Task inputs ::
======

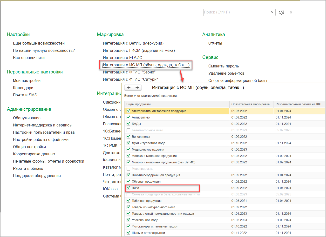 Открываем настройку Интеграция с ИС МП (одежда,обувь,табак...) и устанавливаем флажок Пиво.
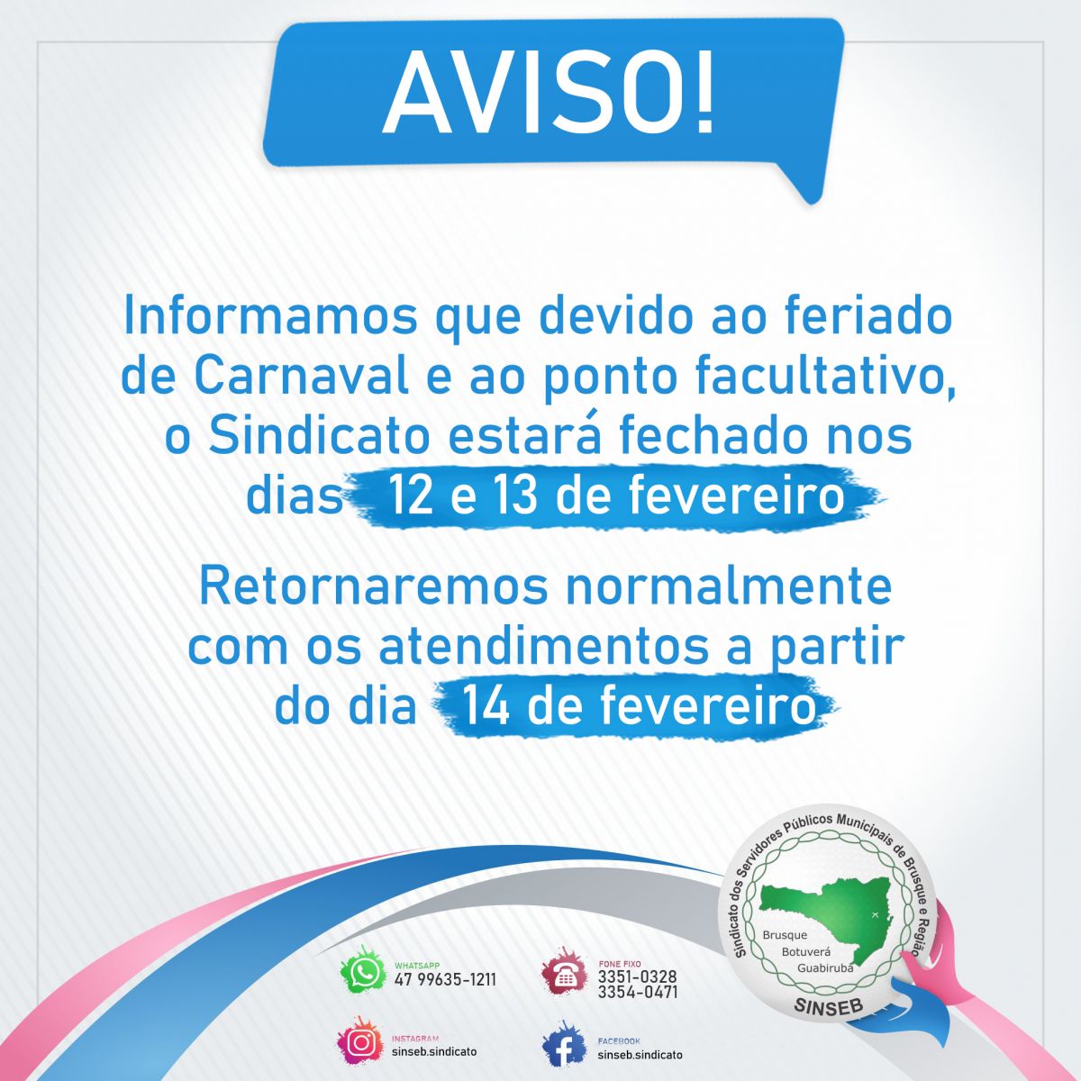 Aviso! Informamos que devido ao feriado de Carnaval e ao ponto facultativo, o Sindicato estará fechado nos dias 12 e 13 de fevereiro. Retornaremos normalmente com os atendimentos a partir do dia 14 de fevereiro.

======

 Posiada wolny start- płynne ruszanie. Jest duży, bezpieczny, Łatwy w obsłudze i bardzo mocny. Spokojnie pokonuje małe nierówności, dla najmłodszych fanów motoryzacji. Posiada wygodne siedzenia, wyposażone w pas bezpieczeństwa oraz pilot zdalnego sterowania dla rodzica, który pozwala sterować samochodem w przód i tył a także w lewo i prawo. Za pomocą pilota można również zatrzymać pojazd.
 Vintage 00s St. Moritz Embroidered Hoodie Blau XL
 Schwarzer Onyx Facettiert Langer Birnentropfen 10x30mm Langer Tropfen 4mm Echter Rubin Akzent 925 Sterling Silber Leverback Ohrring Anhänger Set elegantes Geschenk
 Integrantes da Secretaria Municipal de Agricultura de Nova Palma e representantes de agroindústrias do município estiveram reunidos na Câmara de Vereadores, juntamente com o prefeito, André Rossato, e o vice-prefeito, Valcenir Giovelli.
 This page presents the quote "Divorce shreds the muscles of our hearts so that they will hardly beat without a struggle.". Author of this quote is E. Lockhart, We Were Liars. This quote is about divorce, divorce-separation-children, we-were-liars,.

======

Your assignment :: In the material above, find the line containing "Schwarzer Onyx Facettiert" and the line containing "This page presents", then write out exactly those two lines and every line between them, and nothing more.

Finished exercise ::
 Schwarzer Onyx Facettiert Langer Birnentropfen 10x30mm Langer Tropfen 4mm Echter Rubin Akzent 925 Sterling Silber Leverback Ohrring Anhänger Set elegantes Geschenk
 Integrantes da Secretaria Municipal de Agricultura de Nova Palma e representantes de agroindústrias do município estiveram reunidos na Câmara de Vereadores, juntamente com o prefeito, André Rossato, e o vice-prefeito, Valcenir Giovelli.
 This page presents the quote "Divorce shreds the muscles of our hearts so that they will hardly beat without a struggle.". Author of this quote is E. Lockhart, We Were Liars. This quote is about divorce, divorce-separation-children, we-were-liars,.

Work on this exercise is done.